Further, to achieve the above object, the present invention also provides an air conditioner including: the control method comprises the following steps of storing a control program of the air conditioner, storing the control program of the air conditioner in the storage, and running on the processor, wherein the control program of the air conditioner realizes the steps of the control method of the air conditioner when being executed by the processor.

Optionally, the air conditioner further includes a host and a plurality of sensors, the host is in signal connection with the sensors, and the plurality of sensors are arranged in the space where the host is located at intervals and are spaced apart from the host.

In addition, in order to achieve the above object, the present invention also provides a storage medium having stored thereon a control program of an air conditioner, which when executed by the processor, realizes the respective steps of the control method of the air conditioner as described above.

The control method of the air conditioner, the air conditioner and the computer readable storage medium provided by the invention determine an air supply area with thermal comfort to be adjusted in the environment where the air conditioner is located by obtaining the target adjustment direction of the air guide strip of the air conditioner, adjust the angle of the air guide strip of the air conditioner according to the target adjustment direction, so that the air blown by the air conditioner is guided to the air supply area with thermal comfort to be adjusted through the air guide strip, obtain a first thermal comfort value of the air supply area in the target adjustment direction, so as to return to execute the step of adjusting the angle of the air guide strip according to the target adjustment direction when the first thermal comfort value does not meet the comfort condition, namely the air supply area in the target adjustment direction does not meet the comfort condition, so as to increase the air supply quantity of the air supply area with thermal comfort to be adjusted through the air guide strip, so as to improve the thermal comfort of the air supply area with thermal comfort to be adjusted until the angle of the air guide strip reaches the preset angle, the hot travelling comfort that treats the air supply region of adjusting with the thermal comfort degree that improves the environment that the air conditioner is located to the at utmost, when the regional comfortable condition of satisfying of air supply on the target adjustment direction, maintains the angle of wind-guiding strip unchangeable to make the hot comfort degree treat that the air supply region of adjusting satisfies hot comfortable demand, improved the use travelling comfort of air conditioner.

Drawings

Fig. 1 is a schematic terminal structure diagram of a hardware operating environment according to various embodiments of a control method of an air conditioner of the present invention;

FIG. 2 is a flowchart illustrating a first embodiment of a method for controlling an air conditioner according to the present invention;

FIG. 3 is a flow chart illustrating a control method of an air conditioner according to a second embodiment of the present invention;

fig. 4 is a flowchart illustrating a control method of an air conditioner according to a third embodiment of the present invention.

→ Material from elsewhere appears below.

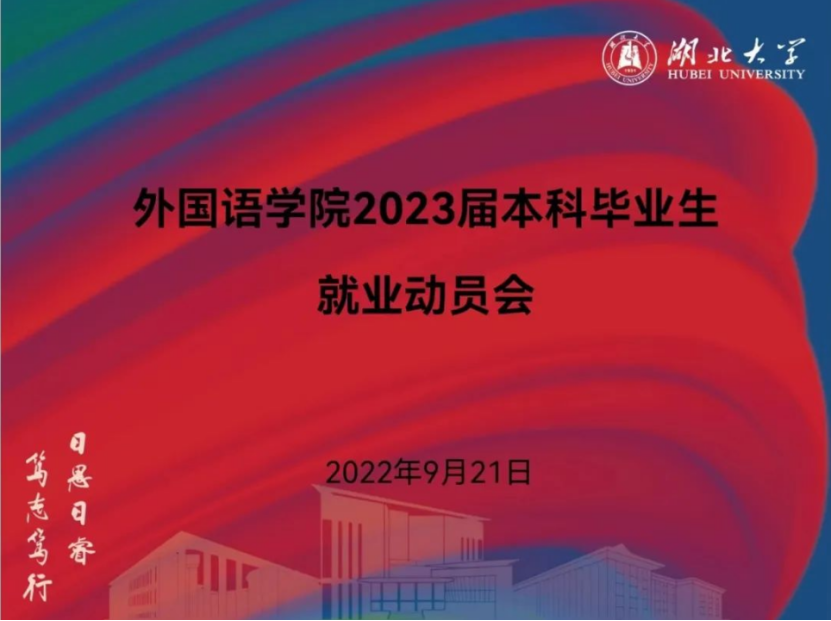 为做好2023届毕业生就业工作,帮助毕业生了解就业形势,强化就业意识,提升就业能力,9月21日下午14时30分,外国语学院在学校3号教学楼201教室召开本科毕业生就业动员会。学院党委副书记占婧,学工办主任、团委书记向杨,辅导员肖文杰,日语系副主任、2022届毕业班班主任刘海燕,2023届毕业班班主任,法语专业2021届毕业生曹一凡,翻译专业2021届毕业生朱卓,学院2023届本科毕业生以及2020级部分专业学生参会。会议还邀请了优秀企业深圳市好利航国际货运代理有限公司总经理樊永锋、武汉分公司经理陶靓、人力资源主管李卡,会议由占婧主持。

The implementation, functional features and advantages of the objects of the present invention will be further explained with reference to the accompanying drawings.

Detailed Description

It should be understood that the specific embodiments described herein are merely illustrative of the invention and are not intended to limit the invention.

Referring to fig. 1, fig. 1 is a schematic terminal structure diagram of a hardware operating environment according to various embodiments of a control method of an air conditioner of the present invention.

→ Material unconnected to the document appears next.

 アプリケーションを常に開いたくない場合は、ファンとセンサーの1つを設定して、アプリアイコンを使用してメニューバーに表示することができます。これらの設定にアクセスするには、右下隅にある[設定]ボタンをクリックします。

An execution subject of an embodiment of a control method of an air conditioner of the present invention is the air conditioner.

As shown in fig. 1, the air conditioner may include: a processor 101, a communication bus 102, and a memory 103. It will be understood by those skilled in the art that the block diagram of the air conditioner shown in fig. 1 is not intended to limit the terminal, and the terminal may include more or less components than those shown, or some components may be combined, or a different arrangement of components. The processor 101 is a control center of the air conditioner, the communication bus 102 is used for realizing connection and communication among various components of the air conditioner, and the memory 103 stores a central control system and a control program of the air conditioner. The processor 101 executes a control program of the air conditioner stored in the memory 103 to implement the steps of the embodiments of the control method of the air conditioner of the present invention.

Various embodiments of the control method of the air conditioner of the present invention are proposed based on the structural block diagram of the terminal device.

Referring to fig. 2, fig. 2 is a schematic flow chart illustrating a control method of an air conditioner according to a first embodiment of the present invention. In this embodiment, the control method of the air conditioner includes the steps of:

step S10, obtaining the target adjusting direction of the air guide strip of the air conditioner;

the target adjusting direction is the direction corresponding to the air supply area to be adjusted in the thermal comfort degree in the environment where the air conditioner is located.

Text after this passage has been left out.